Gyula Rabai

AI TokenTree, an Efficient Tokenizer for LLMs

by Gyula Rabai

Tokenization is the process of converting text into tokens for Large Language Models (LLM). The most common approach in the industry to implement byte-pair encoding is using Regular Expressions (RegExp). The tokenizer I have implemented is significantly faster, as it uses a different processing aproach, which relies on the assumption that larger tokens will be less frequent than their constituent parts. It builds a so called token-tree (a string-tree like structure), and walks this tree to do the tokenization instead of using regular expressions. This data modelling and execution approach provides a significant perfmance increase over traditinal tokenizers. This tokenizer is used in my AI Infernece Engine for LLMs.

Why is this tokenization model significant?

Because the algorithm of this tokenization method offers up to 100x faster performance to current tokenization systems used in LLM inference.

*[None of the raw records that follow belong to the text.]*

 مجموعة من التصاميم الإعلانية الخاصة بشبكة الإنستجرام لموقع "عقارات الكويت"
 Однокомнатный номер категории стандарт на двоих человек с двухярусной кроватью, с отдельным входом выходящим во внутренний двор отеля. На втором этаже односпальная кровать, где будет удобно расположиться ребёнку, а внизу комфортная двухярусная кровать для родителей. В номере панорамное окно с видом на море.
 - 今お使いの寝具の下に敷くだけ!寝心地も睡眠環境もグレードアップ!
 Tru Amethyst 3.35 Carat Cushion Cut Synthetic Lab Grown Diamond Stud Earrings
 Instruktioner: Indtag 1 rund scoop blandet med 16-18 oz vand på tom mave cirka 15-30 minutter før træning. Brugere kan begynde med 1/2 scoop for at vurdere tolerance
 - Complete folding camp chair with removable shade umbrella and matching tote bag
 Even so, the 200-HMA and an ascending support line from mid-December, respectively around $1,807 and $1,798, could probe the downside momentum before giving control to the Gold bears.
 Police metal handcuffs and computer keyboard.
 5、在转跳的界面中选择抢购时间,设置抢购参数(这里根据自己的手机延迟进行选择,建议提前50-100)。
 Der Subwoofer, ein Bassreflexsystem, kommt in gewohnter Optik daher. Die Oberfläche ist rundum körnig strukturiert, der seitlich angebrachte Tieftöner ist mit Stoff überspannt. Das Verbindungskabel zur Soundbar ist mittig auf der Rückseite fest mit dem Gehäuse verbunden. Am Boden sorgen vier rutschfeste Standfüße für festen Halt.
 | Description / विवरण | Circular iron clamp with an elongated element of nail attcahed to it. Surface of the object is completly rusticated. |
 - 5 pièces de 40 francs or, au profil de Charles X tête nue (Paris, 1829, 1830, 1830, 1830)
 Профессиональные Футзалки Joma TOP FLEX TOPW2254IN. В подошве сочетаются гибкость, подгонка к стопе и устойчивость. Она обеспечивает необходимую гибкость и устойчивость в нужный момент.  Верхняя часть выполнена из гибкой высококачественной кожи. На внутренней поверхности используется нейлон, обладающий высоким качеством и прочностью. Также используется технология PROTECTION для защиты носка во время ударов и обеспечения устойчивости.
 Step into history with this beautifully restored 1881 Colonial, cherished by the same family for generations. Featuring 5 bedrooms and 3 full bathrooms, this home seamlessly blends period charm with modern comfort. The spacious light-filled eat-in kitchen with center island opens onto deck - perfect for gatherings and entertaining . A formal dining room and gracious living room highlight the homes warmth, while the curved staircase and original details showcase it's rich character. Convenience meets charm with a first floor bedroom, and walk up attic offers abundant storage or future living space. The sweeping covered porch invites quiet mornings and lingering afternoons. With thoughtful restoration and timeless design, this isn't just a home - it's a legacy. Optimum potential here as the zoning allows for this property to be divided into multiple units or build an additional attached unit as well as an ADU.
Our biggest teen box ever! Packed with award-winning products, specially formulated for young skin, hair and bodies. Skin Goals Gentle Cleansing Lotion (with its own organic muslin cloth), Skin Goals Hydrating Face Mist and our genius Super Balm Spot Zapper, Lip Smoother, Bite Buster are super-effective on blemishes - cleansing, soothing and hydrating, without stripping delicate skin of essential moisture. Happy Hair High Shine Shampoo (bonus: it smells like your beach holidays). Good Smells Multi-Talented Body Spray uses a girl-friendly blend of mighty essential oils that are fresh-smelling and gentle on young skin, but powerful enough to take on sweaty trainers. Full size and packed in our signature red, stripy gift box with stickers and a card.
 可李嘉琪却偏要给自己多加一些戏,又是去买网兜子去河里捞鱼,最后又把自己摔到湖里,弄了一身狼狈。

Please read the paper: Fast Inference-Time Tokenization through Approximating BPE

Download

Download (exe): Token-Tree.zip

Download (source): Token-Tree-Source.zip

Github: https://github.com/mrgyularabai/Token-Tree

What is a "TokenTree"

A "Token Tree" is a "Decision tree". It is a tree like data structure that makes tokenization in LLMs more efficient.

The core idea is to create a tree structure to speed up decision making and finding the tokens. By eliminating a large set of tokens in each layer we can efficiently find the apprpriate token number for each word, word part or symbol.

Figure 1 - The TokenTree is an efficient decision-tree

TokenTree Tokenization (Console application)

TokenTree Tokenization (Console application, with breakpoints)

TokenTree Tokenization (GUI application)

TokenTree Tokenization (GUI application, with breakpoints)

Token Tree Tokenization Explained

The tokenization process relies on a few assumptions to implement a more performant approach than the traditional byte-pair-encoding (BPE) implentations:

1) Most token boundaries will fall on natural text boundaries such as word spaces and sentence ending periods.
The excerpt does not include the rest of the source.